An Evaluation of Adversarially Robust Distillation (ARD) Techniques
This paper provides a comprehensive evaluation of Adversarially Robust Distillation (ARD) techniques, primarily focusing on the efficiency of student-teacher models and the implications of various hyperparameters on the performance trade-offs involving natural and robust accuracies. The authors scrutinize the ARD process utilizing different neural network architectures as teacher-student pairs, such as the WideResNet and ResNet18 teacher models and the MobileNetV2 student model.
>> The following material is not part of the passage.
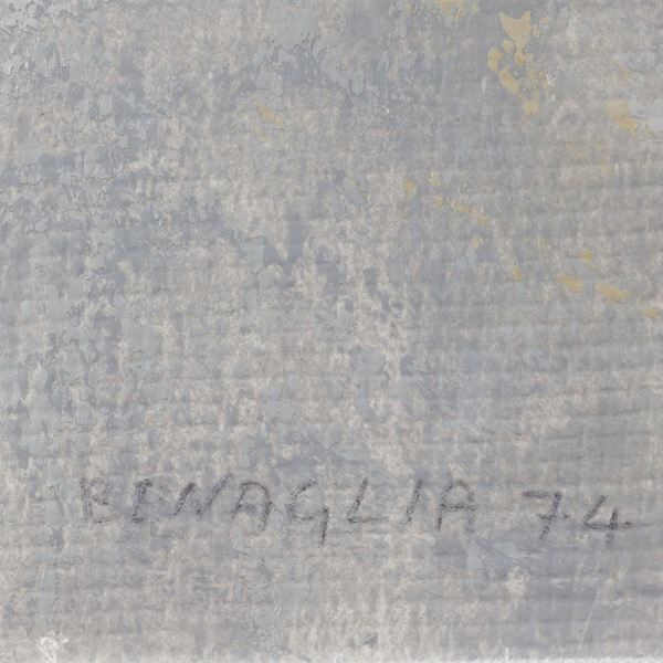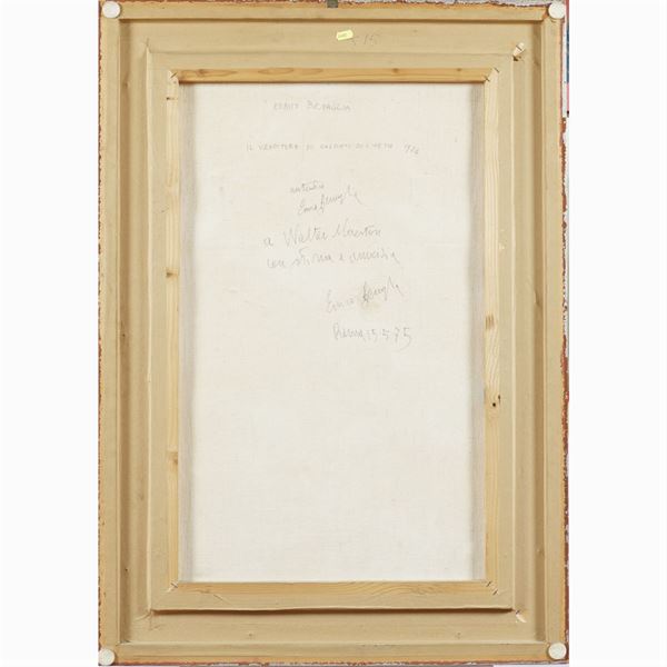 "The toy soldiers seller" , 1974, oil on canvas, signed and dated at the lower left, framed, 82x54 cm.

In detail, the research critically assesses the space and time efficiency of these deep learning models. The ResNet18 and WideResNet include approximately $11.2$ million and $46.2$ million parameters, respectively, while the MobileNetV2 student model is significantly more compact with $2.3$ million parameters. Performance efficiency was measured using multiply-add (MAdd) operations, where a notable finding was the substantial decrease to 1.4% of operations during a forward pass in comparison to the WideResNet.
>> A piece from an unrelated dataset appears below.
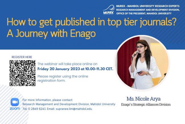 ขอเชิญเข้าร่วมรับฟัง Webinar “How to Get Published in Top Tier Journals ?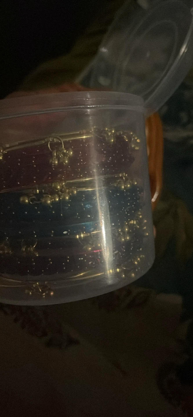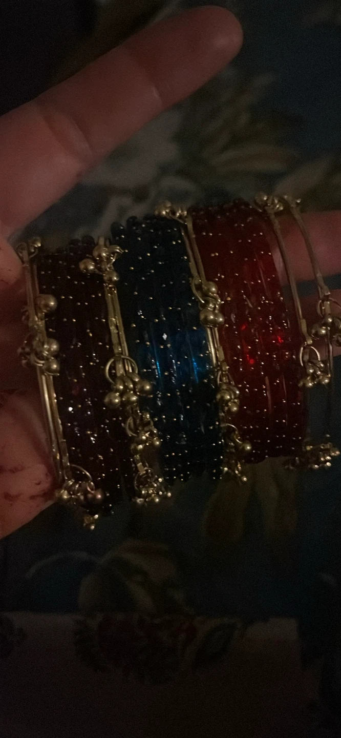 Set of three bangles in red, blue, and deep red/maroon colours. Each bangle features small gold-toned charms that jingle. These are made of a beaded material with a metal frame. Comes in a plastic container.

The paper deeply investigates the effects of temperature and α parameters on knowledge distillation outcomes with respect to robustness trade-offs. The paper reveals that while the temperature parameter has minimal effect on robustness, the reduction in α leads to a rapid decline in robustness, indicating an accuracy-robustness tradeoff particularly impactful for low α values. Different approaches were considered for data augmentation, with findings suggesting that basic augmentation strategies such as horizontal flips and random cropping were effective for robustness without incurring the drawbacks associated with adversarial point teacher behavior training.
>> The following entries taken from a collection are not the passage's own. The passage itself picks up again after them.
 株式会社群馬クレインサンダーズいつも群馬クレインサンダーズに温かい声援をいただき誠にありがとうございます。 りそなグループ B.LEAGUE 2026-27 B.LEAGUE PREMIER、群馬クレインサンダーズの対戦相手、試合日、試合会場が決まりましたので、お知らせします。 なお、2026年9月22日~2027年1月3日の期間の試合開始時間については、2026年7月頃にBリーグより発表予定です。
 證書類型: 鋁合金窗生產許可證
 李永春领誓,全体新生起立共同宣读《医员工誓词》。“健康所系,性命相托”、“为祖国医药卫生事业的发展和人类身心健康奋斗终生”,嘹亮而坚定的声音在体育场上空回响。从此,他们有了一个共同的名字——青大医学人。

Multiple experimental tables included demonstrate the nuanced impacts of hyperparameters adjustment, such as temperature and α, on the performance of knowledge distillation. Additional analysis evaluates other ARD technical configurations. For instance, including a knowledge distillation $\KL$ divergence term degraded robust accuracy, and substituting Tt(xi′) for Tt(xi) in the loss function was found detrimental to overall accuracy.
Moreover, naturally trained teacher models under ARD conditions still produced students with some robustness, albeit lower than those distilled from adversarially trained counterparts. Further, the acceleration of ARD training was explored by lessening the number of attack steps, which enhanced natural accuracy but slightly dropped robustness, supporting the consideration of strategic trade-offs in ARD deployments.
Practically and theoretically, these findings contribute to the ongoing discourse in adversarial training by revealing the intricacies of ARD's hyperparameter sensitivity and operational efficiency. The implications of this work suggest potential refinements in robust model training protocols and highlight the balance between computational cost and accuracy in practice. Future directions might involve adaptive data augmentation tailored for robustness, enhancing the applicability of ARD strategies in real-world scenarios.